Statement 2: A downhole chemical injection system is disclosed according to Statement 1, further comprising: the first injection port further including a third radially extending injection nozzle fluidically coupled with the tubing string and circumferentially offset from the first radially extending injection nozzle and the second radially extending injection nozzle about a circumference of the tubing string.

Statement 3: A downhole chemical injection system is disclosed according to Statement 2, further comprising: the second injection port further including a fourth radially extending injection nozzle fluidically coupled with the tubing string and circumferentially offset from the first radially extending injection nozzle, the second radially extending injection nozzle, and the third radially extending injection nozzle about a circumference of the tubing string.

Statement 4: A downhole chemical injection system is disclosed according to Statements 1-3, wherein at least one of the first radially extending injection nozzle and the second radially extending injection nozzle comprises an injection tip having a cross-sectional shape selected from the group consisting of a circle, an oval, and a triangle.

Statement 5: A downhole chemical injection system according to Statements 1-4, further comprising at least one additional injection port fluidically coupled with the chemical injection line and fluidically coupled with the production tubing string to inject the chemical into the production tubing string, the at least one additional injection port comprising as least one additional radially extending injection nozzle.
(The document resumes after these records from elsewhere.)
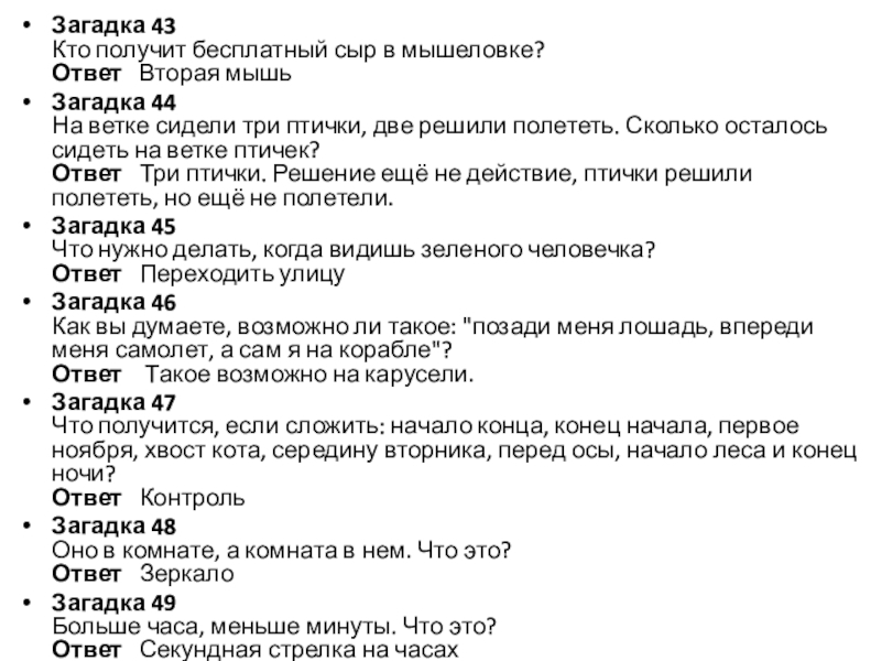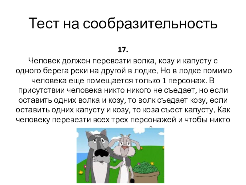17. Человек должен перевезти волка, козу и капусту с одного берега реки на другой в лодке. Но в лодке помимо человека еще помещается только 1 персонаж. В присутствии человека никто никого не съедает, но если оставить одних волка и козу, то волк съедает козу, если оставить одних капусту и козу, то коза съест капусту. Как человеку перевезти всех трех персонажей и чтобы никто никого не съел?
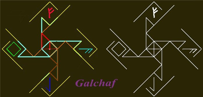авторское описание: Не для кого не секрет, что со временем ПМ теряют заряд. Данный став изначально предназначался для подзарядки ПМ продолженного действия. Но из практики выяснилось, что он так же прекрасно дает дополнительный заряд и во время проведения первичной активации, позволяя тратить меньше своей личной силы. МФ и порядок прорисовки: Пусть Перт-найдет в окружающем пространстве Совило- энергию. Пусть Йера соберет энергию стихий (огня (Феху)/воздуха (Ансуз)/воды (Лагуз)/ земли (Ингуз), светил, космоса, Богов и предаст при помощи Райдо собранный заряд Уруз в место аккумулирования Ингуз (центральное). Пусть Ингуз накапливает и передает энергию любому предмету, в его центр. Рисовать начинаем с северного луча. Далее по кругу. Став наносим на достаточно большой кусок носителя (картон, материя, фанера, камень, дерево, запеченное тесто с солью в пропорции 1:1), минимальный размер 20*20 см. На бумаге рисовать не рекомендую, она быстро теряет заряд. На бумаге допустимо рисовать
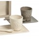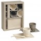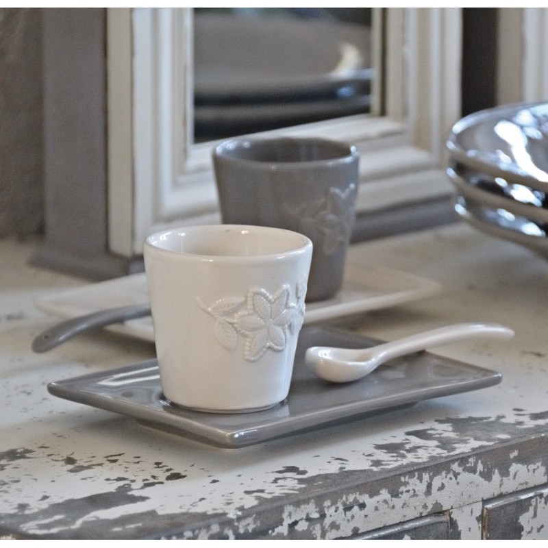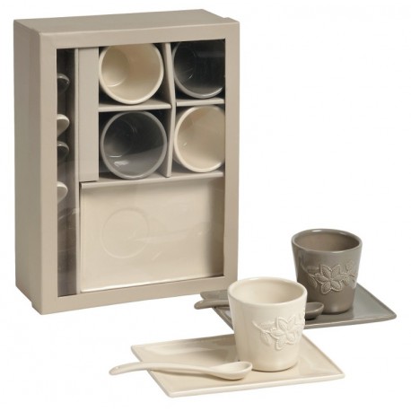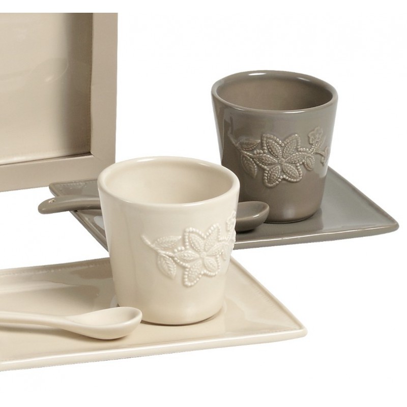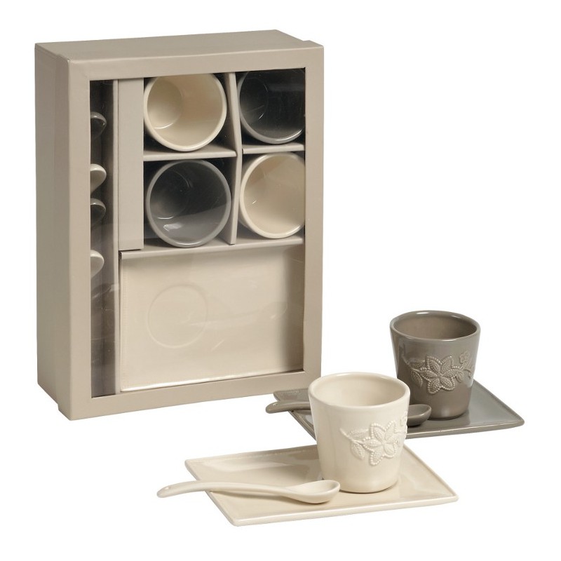 Cztery filiżanki do espresso lub małej kawy z serii Sorrento Belldeco. Filiżanki mają kształt kubeczków i są ozdobione wupukłymi kwiatuszkami. Sprzedawane są w zestawie zapakowanym w eleganckie pudełko. W jego skład wchodzą cztery filiżanki, cztery łyżeczki i cztery prostoktne talerzyki. Dwie filiżanki z łyżeczkami i podstawkami mają kremowy kolor, a dwie szary.
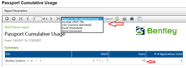 4. 点击Run Report. 选择文件格式,点击Export将报告导出。该报告上总的Users数量即为该段时间所用的PW的总量。
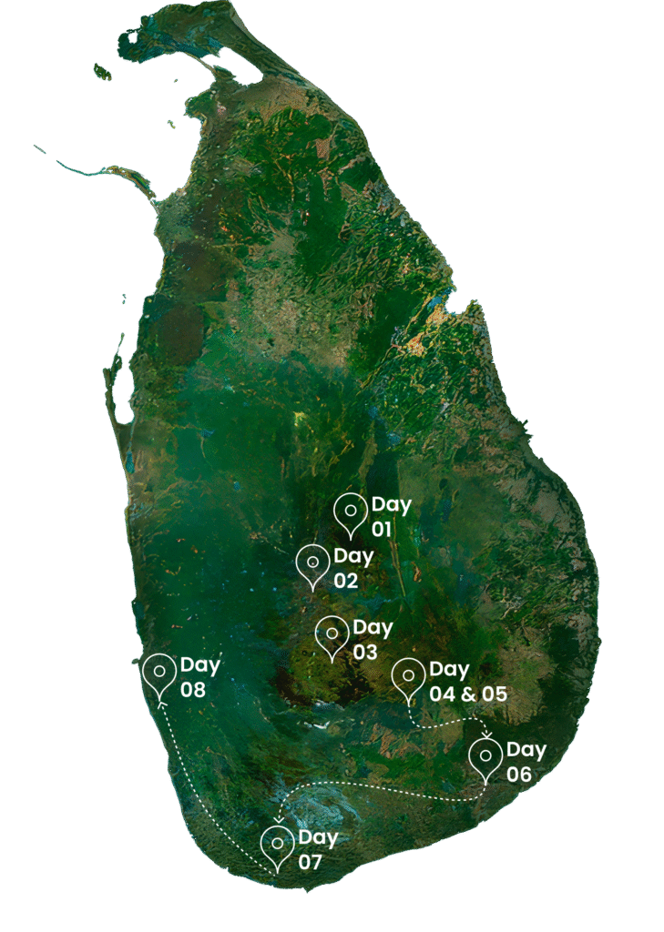 Start the day with a whale watching excursion off Mirissa. Relax on the beach before checking out. Transfer back to Colombo for your onward journey. Reflect on the diverse landscapes and wildlife experiences from the trip.

Statement 6: A downhole chemical injection system is disclosed according to Statements 1-5, the chemical injection line comprising a check valve disposed between the surface treatment fluid pump and the first injection port and the second injection port.

Statement 7: A downhole chemical injection system is disclosed according to Statement 6, further comprising a density barrier fluidically positioned between the check valve and the first injection port and the second injection port, the density barrier having an axial loop and a circumferential loop relative to the production tubing string, thereby restricting migration of production fluid from the first injection port and the second injection port to the check valve regardless of the directional orientation of the well.

Statement 8: A downhole chemical injection system is disclosed according to Statement 7, wherein the axial loop comprises a pair of axially extending tubing sections.

Statement 9: A downhole chemical injection system is disclosed according to Statement 8, further comprising an extended injection line fluidically coupled with at least one of the pair of axially extending tubing sections, and wherein the second injection port is fluidically coupled with the extended injection line.

Statement 10: A downhole chemical injection system is disclosed according to Statement 9, further comprising at least one additional injection port fluidically coupled with the extended injection line.

Statement 11: A method comprising: disposing a downhole chemical injection system in a well, the downhole chemical injection system fluidically coupled with a tubing string, the downhole chemical injection system comprising: a first injection port fluidically coupled with a chemical injection line and having a first radially extending injection nozzle fluidically coupled with the tubing string; and a second injection port fluidically coupled with the chemical injection line and having a second radially extending injection nozzle fluidically coupled with the tubing string and circumferentially offset from the first radially extending injection nozzle about a circumference of the tubing string; pumping a chemical from a surface treatment pump through the chemical injection line; and injection the chemical into the production tubing string via the first radially extending injection nozzle and the second radially extending injection nozzle.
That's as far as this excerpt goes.